Dans ces conditions, une escalade en Ukraine nuirait plus encore aux Américains qu’aux Ukrainiens. Le seul pays qui en tirerait profit est la Chine, qui est pour les Américains un rival géopolitique et économique, à moyen et à long terme, bien plus redoutable que la Russie. Ou bien les Etats-Unis cautionnent une tentative ukrainienne de récupérer le Donbass par la force, ou bien il refusent de soutenir les Ukrainiens qui y vont tout de même. Dans la première hypothèse, la Chine serait en droit de faire la même chose à Taiwan, son territoire perdu, remportant ainsi une victoire géopolitique et symbolique énorme qui changerait considérablement les rapports de force dans le monde. Dans la seconde hypothèse, la Chine en tirerait la conclusion que les Américains ne se battront pas et le résultat serait identique. Les Etats-Unis essaient actuellement d’imposer leur loi dans la mer de Chine méridionale comme dans la mer Noire. S’ils échouent dans l’une ils échoueront aussi dans l’autre.
Par conséquent, soutenir les Ukrainiens dans un affrontement avec la Russie est tout aussi catastrophique pour Washington que de ne pas les soutenir. L’impératif absolu pour Washington est donc de faire le contraire de ce que veulent les comédiens à Kiev. Il faut empêcher toute escalade de la situation en Ukraine, coûte que coûte, et mater les folies ubuesques encouragées par Saakachvili. Les Américains doivent comprendre que les intérêts ukrainiens et les intérêts américains sont opposés.

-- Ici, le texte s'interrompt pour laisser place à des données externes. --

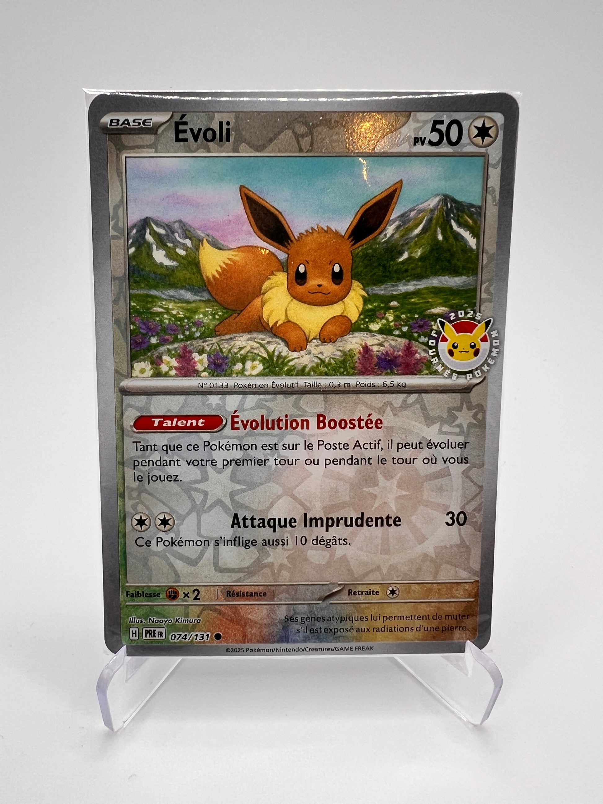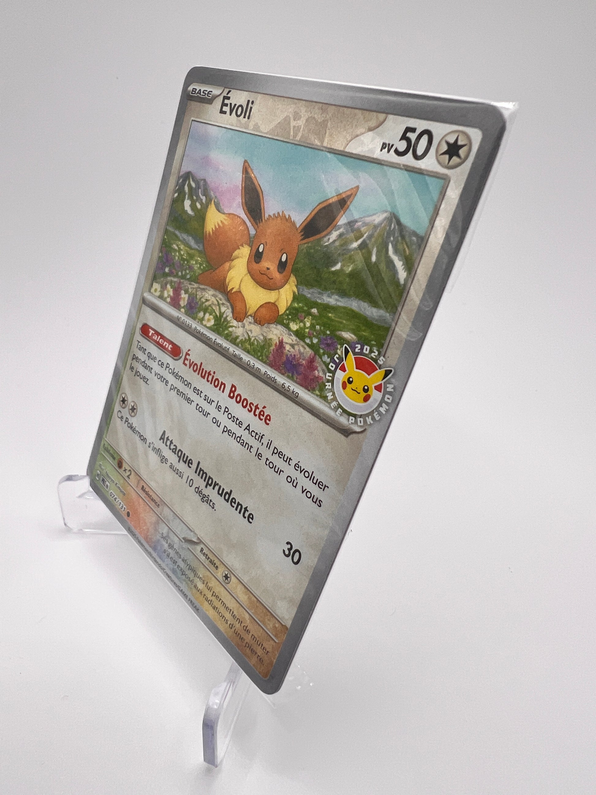 Impossible de résister à cette version scellée du célèbre Évoli, carte n°074/131 issue de l’extension Évolutions Prismatique avec son tampon exclusif ! Un must-have pour les fans d’Évoli et les collectionneurs de cartes promos soignées 💖🦊
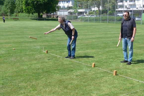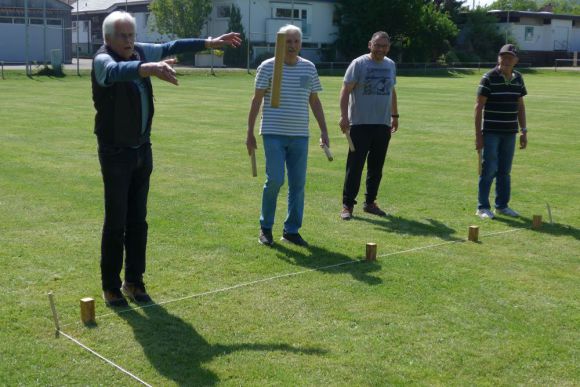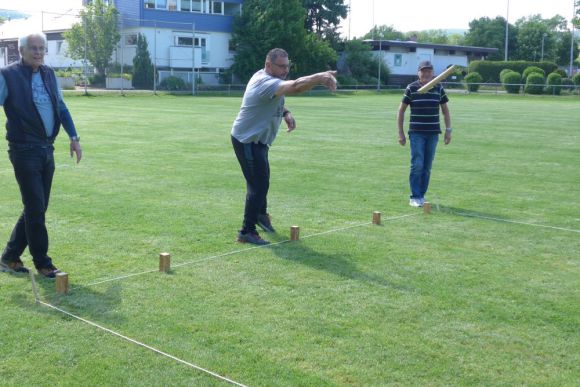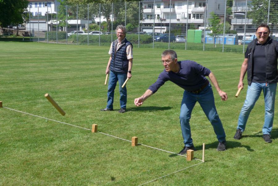 Am 7.5.2025 spielten wir wieder einmal Kubb (Wikinger-Schach) auf dem alten Sportplatz in Endersbach. Nach 5 hart umkämpften Spielen gewann das Team Peter S., Rainer A., Karle, Stefan H. und Walther knapp mit 3:2 gegen das Team Geno, Rainer M., Hartmut, Berti und Dieter. Anschließend waren wir wieder zu Gast bei Halim im DiMeglio.

Le discours belliciste habituel des Américains à l’égard de la Russie est redevenu à la mode depuis l’élection de Joe Biden à la Maison Blanche et la nomination d’Antony Blinken comme secrétaire d’Etat. Pourtant, Biden semble avoir compris les enjeux potentiellement fatals pour son pays en appelant à un sommet russo-américain, peut-être à Vienne, pour résoudre la crise ukrainienne, initiative à laquelle le président Poutine répondra sans doute par l’affirmative. Dans un contexte de guerre froide renaissante, il est impératif de remettre le conflit gelé en Ukraine dans le congélateur politique, et d'en refermer la porte, pour aussi longtemps que possible.